### Exercise goal
Pictures are to be left out, and only the lines from the one containing "hand-crafted double-clamp stainless" through the last line of the data are to be returned exactly.

### Supplied data
════════════════════
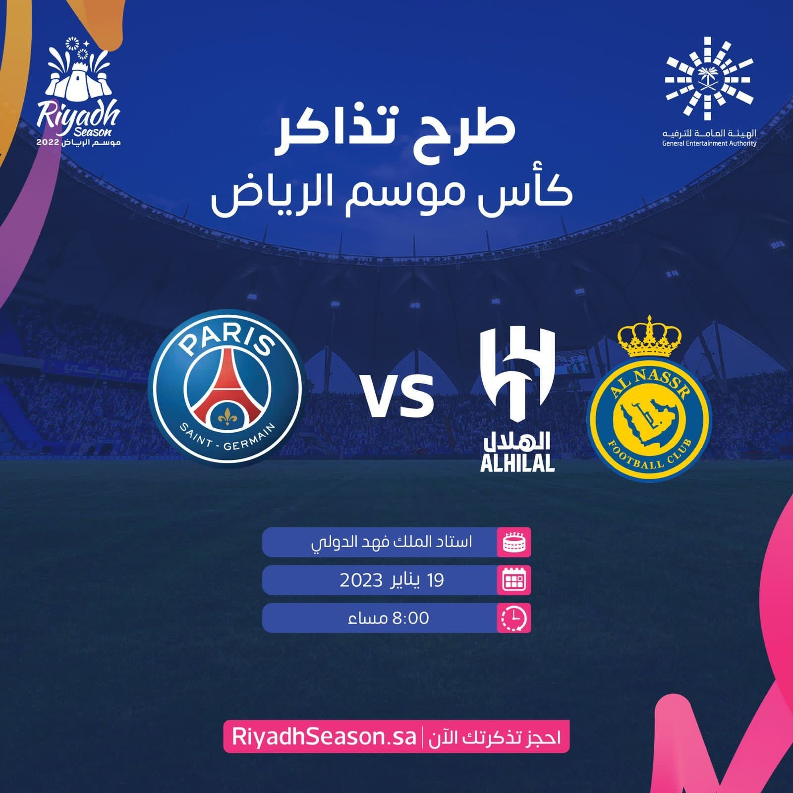 المملكة العربية السعودية، 8 يناير 2023: يترقب عشاق كرة القدم بشغف الحدث الرياضي الذي ينظمه موسم الرياض 2022، حيث يواجه نادي باريس سان جيرمان الفرنسي نجوم الهلال والنصر في "كأس موسم الرياض، بقيادة المدرب الكبير مارسيلو غالاردو الحاصل على كأس ليبرتادورس مرتين، وينتظر أن تتضاعف المتعة وأجواء المرح والترفيه في المباراة المدججة بعدد من النجوم، أبرزهم بطل العالم في نسخته الأخيرة ليونيل ميسي، إضافة إلى نيمار ومبابي وحكيمي.
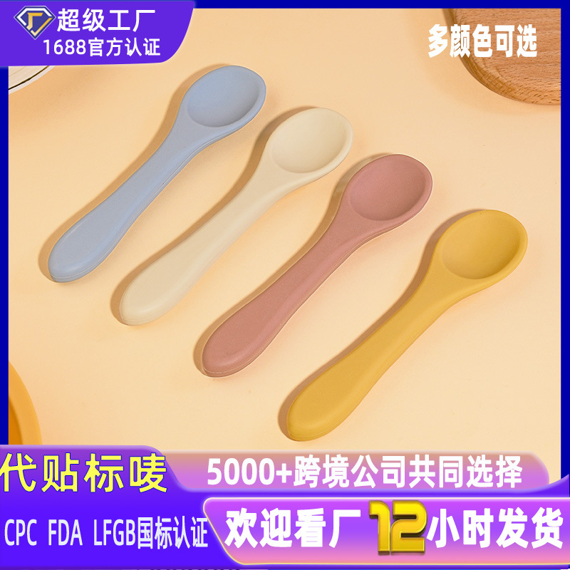 子供のシリコンのフォークのスプーンの食品級の長い柄のスプーンの赤ちゃんの補助食のフォークのスプーンのシリコンの柔らかい頭のスプーンの補助食のシリコンのスプーン
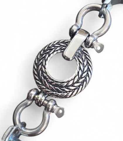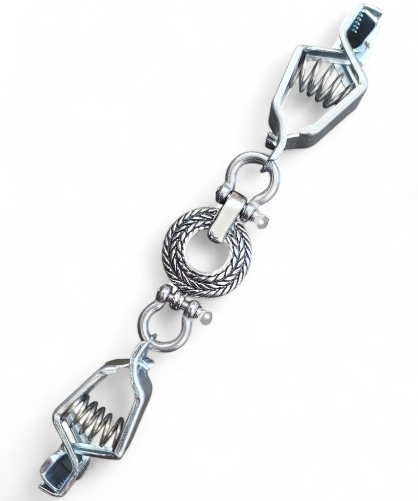 "Expertly hand-crafted double-clamp stainless steel glove clip, featuring an intricate and stunning roap lasso design. Built with durability and style in mind, this unique piece is both functional and a striking statement accessory."
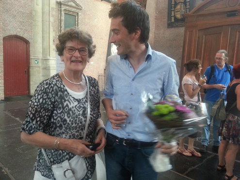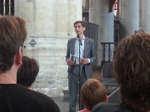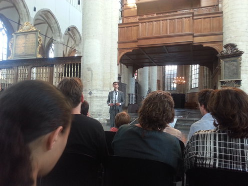 Wethouder Laudy (links )opende gisteen in de Pieterskerk de expositie Stadswachters van Rob Overmeer (rechts) die afgelopen jaar Stadsfotograaf van Leiden was. (Foto's: Chris de Waard).
════════════════════
### Result of the exercise
 "Expertly hand-crafted double-clamp stainless steel glove clip, featuring an intricate and stunning roap lasso design. Built with durability and style in mind, this unique piece is both functional and a striking statement accessory."
 Wethouder Laudy (links )opende gisteen in de Pieterskerk de expositie Stadswachters van Rob Overmeer (rechts) die afgelopen jaar Stadsfotograaf van Leiden was. (Foto's: Chris de Waard).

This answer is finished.